Knowledge and use of 30-60-90 and 45-45-90 Triangles

Key Features of Special Triangles

The 30-60-90 triangle and the 45-45-90 triangle are two special kinds of right-angled triangles.
Understanding these triangles allow simplified calculations in certain geometrical problems or trigonometric applications.

30-60-90 Triangle

The sides of a 30-60-90 triangle are in ratio of √1 : √3 : 2.
The length of the hypotenuse is twice the length of the shorter leg (which is opposite the 30-degree angle).
The length of the longer leg (which is opposite the 60-degree angle) is √3 times the length of the shorter leg.

45-45-90 Triangle

In a 45-45-90 triangle, the sides are in the ratio of 1 : 1 : √2.
Both the legs are equal in length as the angles opposite them (which are 45 degrees each) are equal.
The length of the hypotenuse is √2 times the length of each leg.

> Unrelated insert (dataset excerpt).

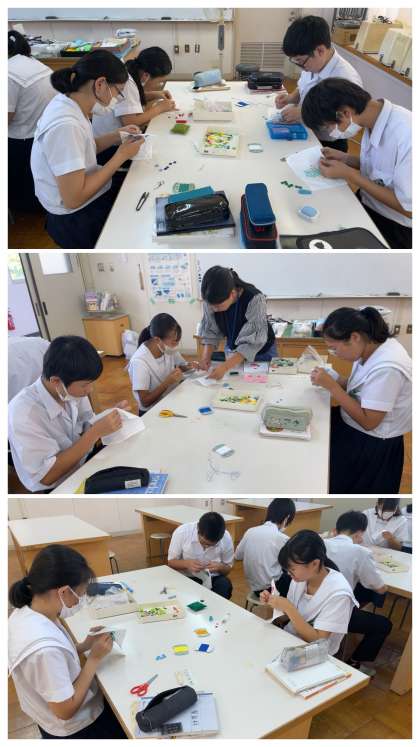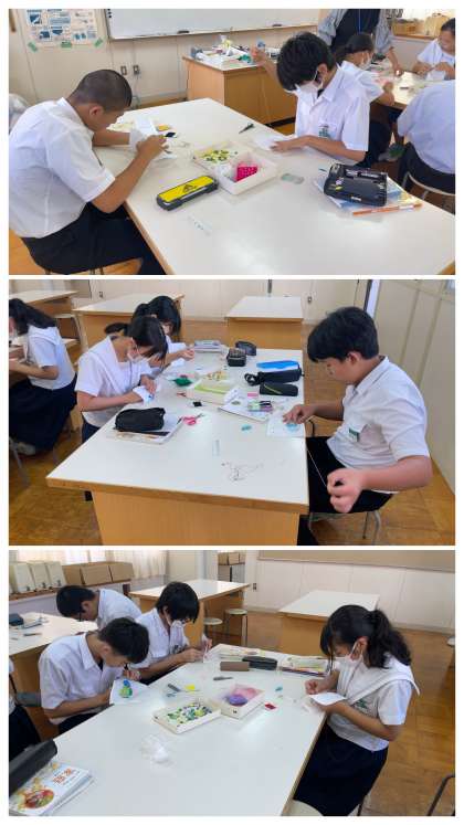いままでの作品づくりを通してボタン付けをしてきました。本日は、その成果を15分で発揮しました。子どもたちは、集中してボタンづけをがんばっていました。

Trigonometric Ratios in Special Triangles

Understanding these triangles also allows simplified computation of certain trigonometric values.

30-60-90 Triangle

For the 30-degree angle: sin 30° = 1/2, cos 30° = √3/2, tan 30° = √3/3.
For the 60-degree angle: sin 60° = √3/2, cos 60° = 1/2, tan 60° = √3.

45-45-90 Triangle

Since the two non-right angles are both 45 degrees: sin 45° = √2/2, cos 45° = √2/2, tan 45° = 1.

By recognising these patterns in 30-60-90 and 45-45-90 triangles, you can save significant effort and time when solving geometry problems or performing calculations that involve trigonometry.